The most significant realignment in Northern Ireland Unionism for 40 years may unfold in the aftermath of the general election as members of the Ulster Unionist Party come to terms with the fact that the “great blue hope” – their pact with the Tories – has been a dismal failure and lies in tatters.
May 6 saw the Protestant electorate heap humiliation on the heads of the three leaders of the fragmented Unionist family. Peter Robinson, First Minister and leader of the Democratic Unionist Party, was dumped out of his East Belfast seat. UUP leader Reg Empey failed to seize back the party’s number one target seat. Hardliner Jim Allister was trounced by Ian Paisley junior and his Traditional Unionist Voice descended into electoral meltdown across the north of Ireland.
One senior UUP activist admitted: “The party is now on its knees. We need to get back to basics. The pact with the Tories has been an unmitigated disaster.”
Empey would seem to be finished as an influential Ulster Unionist. He needed to capture at least three of the north’s 18 seats to prove his political marriage with the Tories was a vote winner. However, for the first time since the Ulster Unionist Council – the UUP’s governing body – was formed in 1905, the party has come out of a Westminster general election having failed to win a single seat. This humiliation was compounded by the fact that Sylvia Hermon, who quit the UUP in protest at the link-up with the Tories to stand as an independent, retained her seat with an increased majority.
Empey’s successor is likely to be either the centre-right Danny Kennedy, who is currently the party’s deputy leader, or the more liberal Basil McCrea. Both are high-profile members of the Northern Ireland Assembly.
By contrast with the UUP and TUV, the defeat of the DUP’s leader did not signal electoral disaster for the party elsewhere. It held on to eight of its nine seats, albeit with slightly reduced majorities.
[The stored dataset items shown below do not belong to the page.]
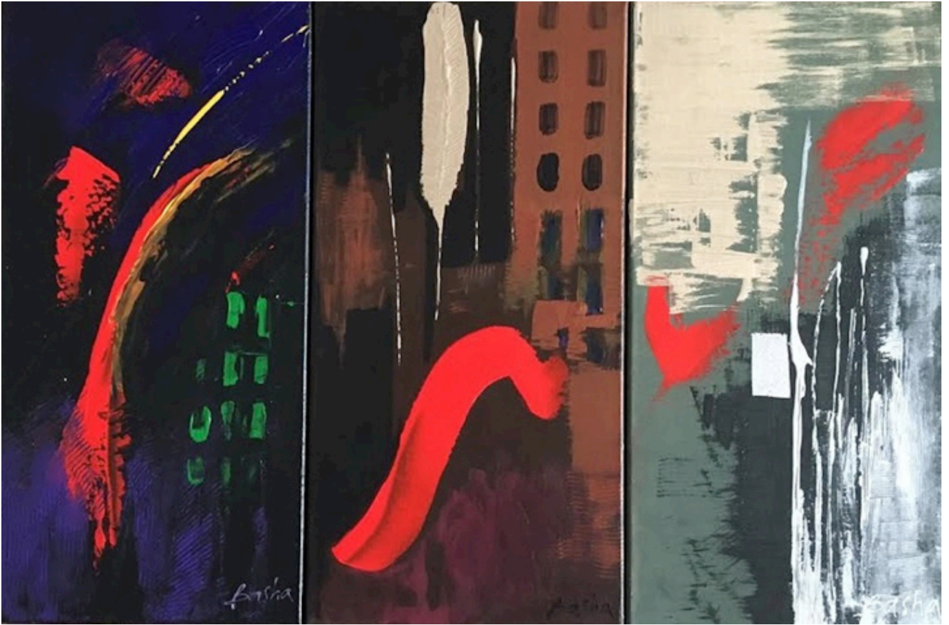
MEMORIES, Tryptich, acrylic on canvas, 18x 24 inches.
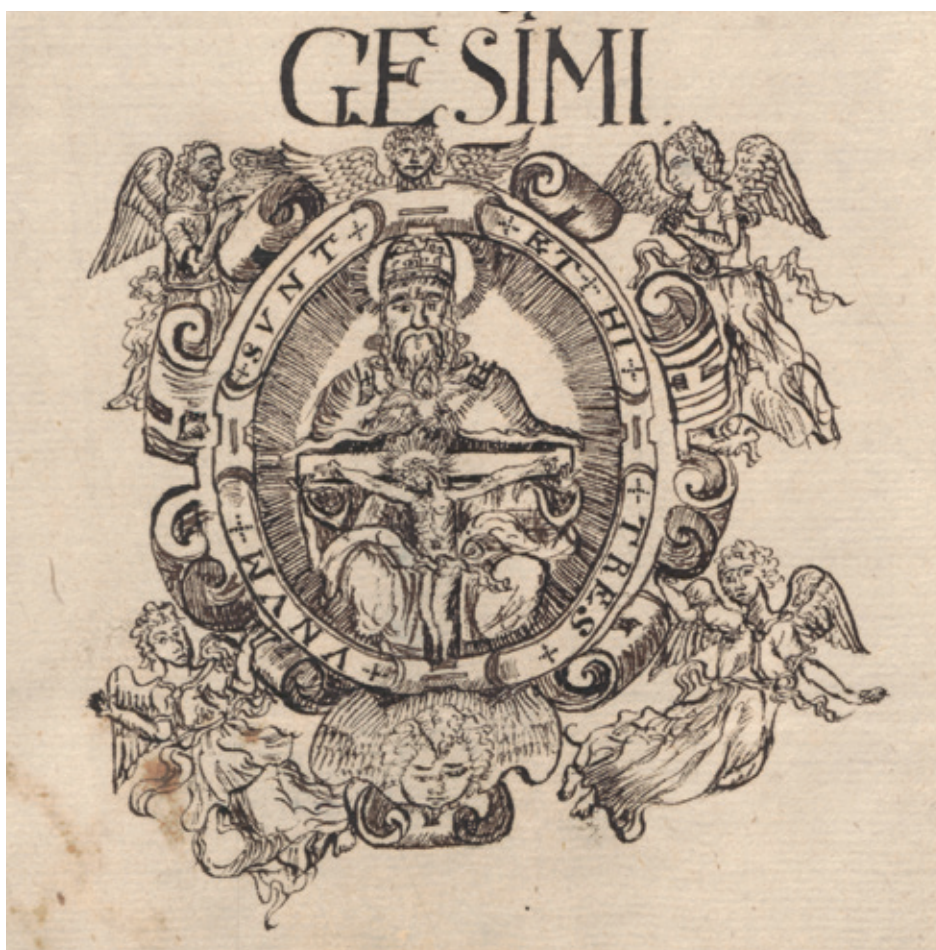
Il. 4. Mandrola z wyobrażeniem Trójcy Świętej zdobiąca stronę tytułową księgi przyjęć do prawa miejskiego w Lublinie w 1650 r. (rysunek autorstwa Stanisława Kukro)
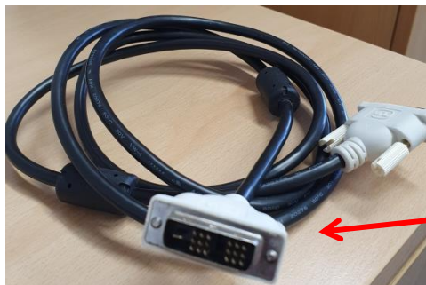
DVI-Kabel (Verbindung PC – Bildschirm)
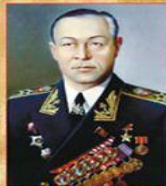
КУЗНЕЦОВ Николай Герасимович (1902 - 1974)
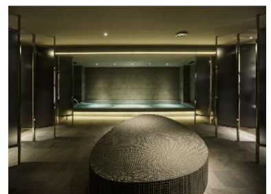
sequence KYOTO GOJO (THE BATH & THE SAUNA)

ブランドサイト: https://www.sequencehotels.com/
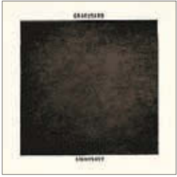
Graveyard Lights Out, 2012

Как вы лодку назовете, мол, так она и... Как бы не так. Была, например, английская группа под названием Joy Division. Затрудняюсь перевести досконально точно, что-то вроде «Бригада радости». Есть версия, что так назывались публичные дома для солдат в годы войны. Но не суть. Так вот, «радостная группа» исполняла максимально депрессивную музыку, выпустила две наимрачнеешие пластинки, а потом ее лидер Йен Кёртис покончил с собой. Но это было на рубеже семидесятых-восьмидесятых.
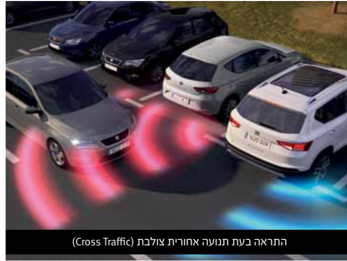
התראה בעת תנועה אחורית צולבת (Cross Traffic)
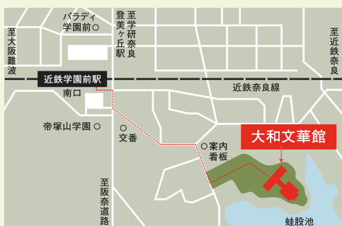
近鉄・奈良線(学園前駅)下車、南出口より徒歩約7分、無料駐車場あり
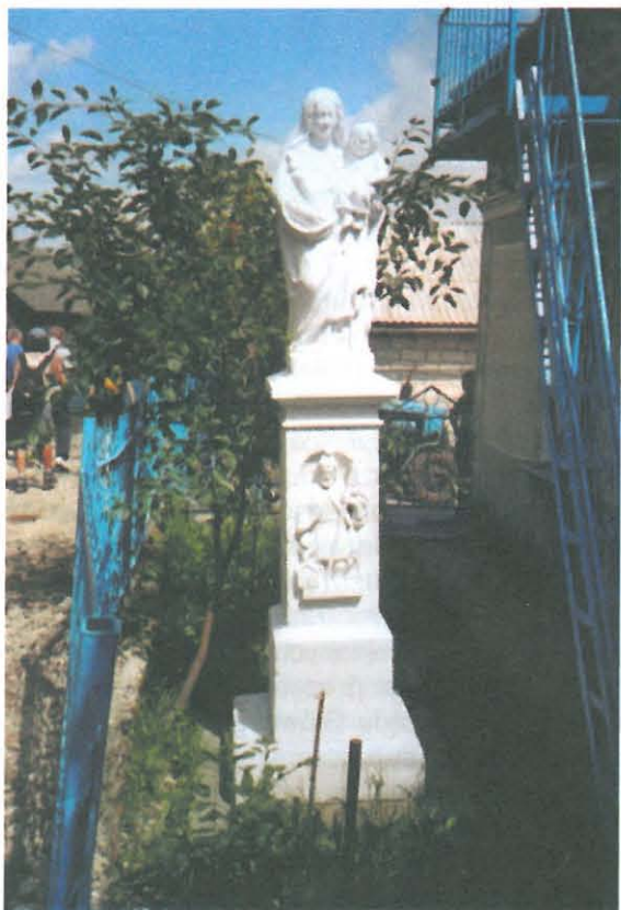
Dubowce – figura Matki Boskiej z Dzieciątkiem

W lutym 1944 r. mieszkańcy Berezowicy Małej byli wykorzystywani przez Niemców do budowy umocnień przeciwko nadciągającej Armii Czerwonej. Z powodu zmęczenia tymi pracami członkowie samoobrony nie mieli siły pełnić jeszcze wart, tym bardziej, że liczono
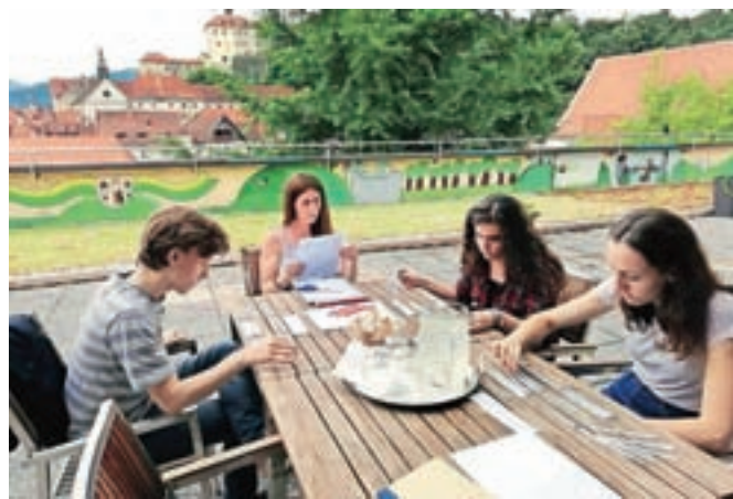
Novi literati v akciji
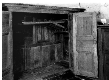
Vue du meuble porte ouverte, avec le système latéral de suspension des vêtements.
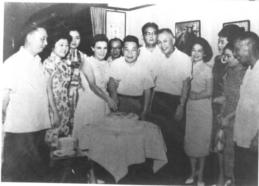
長安東路官邸時代的蔣經國、蔣方良夫婦一家人和王叔銘、趙聚鈺、嚴靈峰等友人餐敘一堂。
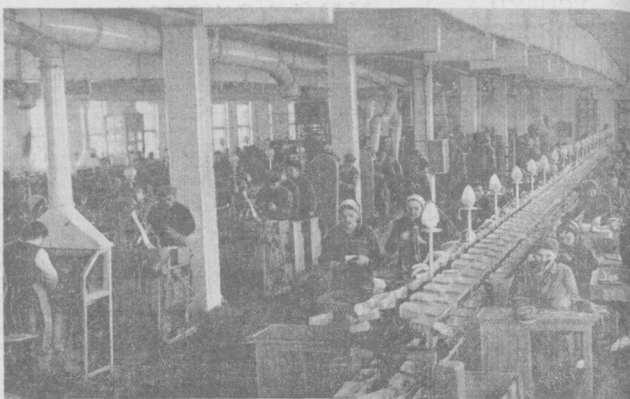
Один миллион сто тысяч пар обуви выпустит в 1960 году Чирчинская обувная фабрика. Здесь начали работать две новые поточные линии и четыре конвейера, выпускающие шьюльную и гусариную обувь. НА СНИМКЕ: новый цех шьюльной и гусаринской обуви.
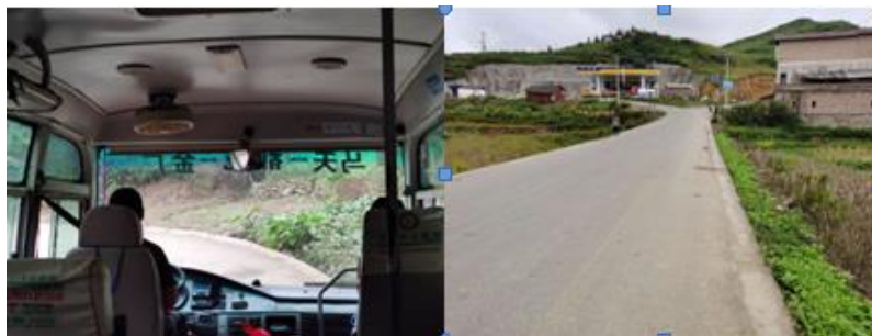
图 1 路况组图

交通说明：由马关县前往茅坪幼儿园可在马关县汽车站乘坐前往都龙方向的班车，在都龙镇下车后乘坐前往金厂方向的班车，在茅坪幼儿园下车即可。学校就在公路边，全程为省道和县道，马关到都龙方向路况良好，都龙到金厂方向因在修路，路况较差且易堵车。
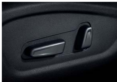
مقعد السائق بضبط كهربائي إلى 8 وضعيات

With TUV leader Allister failing to prevent the continuation of a 40-year Paisley dynasty in North Antrim, it is now clear the vast majority of grassroots Unionists want Stormont to work and the Tories to clear off.
Robinson pledged to continue as First Minister, but his long-term political future must be in serious doubt. The favourite to succeed him as DUP leader is Fermanagh-based executive minister Arlene Foster. The other strong contender is North Belfast MP and fellow Stormont minister Nigel Dodds. Paisley junior has an outside chance and at the very least will be in the inner circle of future DUP decision-making
As far as some of them are concerned, the priority for Unionists ought to be to achieve political unity by establishing a single pro-Union party which might then be able to mobilise the apathetic Protestant vote, now estimated to be well over the 100,000 mark.
Unionist disunity saw South Belfast remain in SDLP hands. Apathy among Unionists meant Sinn Fein’s Stormont farming minister Michelle Gildernew held Fermanagh & South Tyrone by just four votes after a series of recounts.
With the UUP failing to win any Westminster seats, some of its members are becoming more vocal in advocating a merger with the DUP to produce the Democratic United Unionist Party. But first the UUP will have to purge itself of the Toryism which blighted it in recent months.
The pro-David Cameron clique in the UUP tried to re-brand the party as a pluralist, secular and liberal one, arguing this would catapult UUP representatives into a Cameron government.
But this pluralist plot ignored the Ulster Bible belt and the legions of church-going Protestants. Many Christian Unionists either stayed at home on polling day or voted for the DUP. If current divisions and voter apathy are not addressed as a matter of urgency, Unionism will lose more ground to the centre or to the nationalists.
Tactical voting saw the SDLP and Sinn Fein retain their combined total of eight seats. If something similar happens at the 2011 Assembly elections, Sinn Fein could emerge as the largest party and lay justifiable claim to the post of First Minister.
If Unionists are serious about stopping that, at the very least they may have to field agreed candidates. Paisley junior’s comprehensive victory was proof that the days of multiple Unionist party tickets are over. Ironically, that fragmentation began when Paisley senior won the North Antrim seat from the Ulster Unionists in 1970. Unofficial talks are already taking place on greater co-operation between Unionist factions.
The situation in the House of Commons will cast a spotlight on the moderate Catholic SDLP under its new leader Margaret Ritchie. The SDLP has always taken its seats in the Commons, unlike Sinn Fein.
But republicans might do well to remember Eamon de Valera, one of their icons and a former Irish president. He took the oath of allegiance in 1927, branding it “an empty formula”.
Since 1981, Sinn Fein has taken seats in the Dail, Stormont and Europe.
What sort of deal could republicans secure for a future united Ireland if the five Sinn Fein MPs adopted de Valera’s attitude to swearing allegiance to the Queen?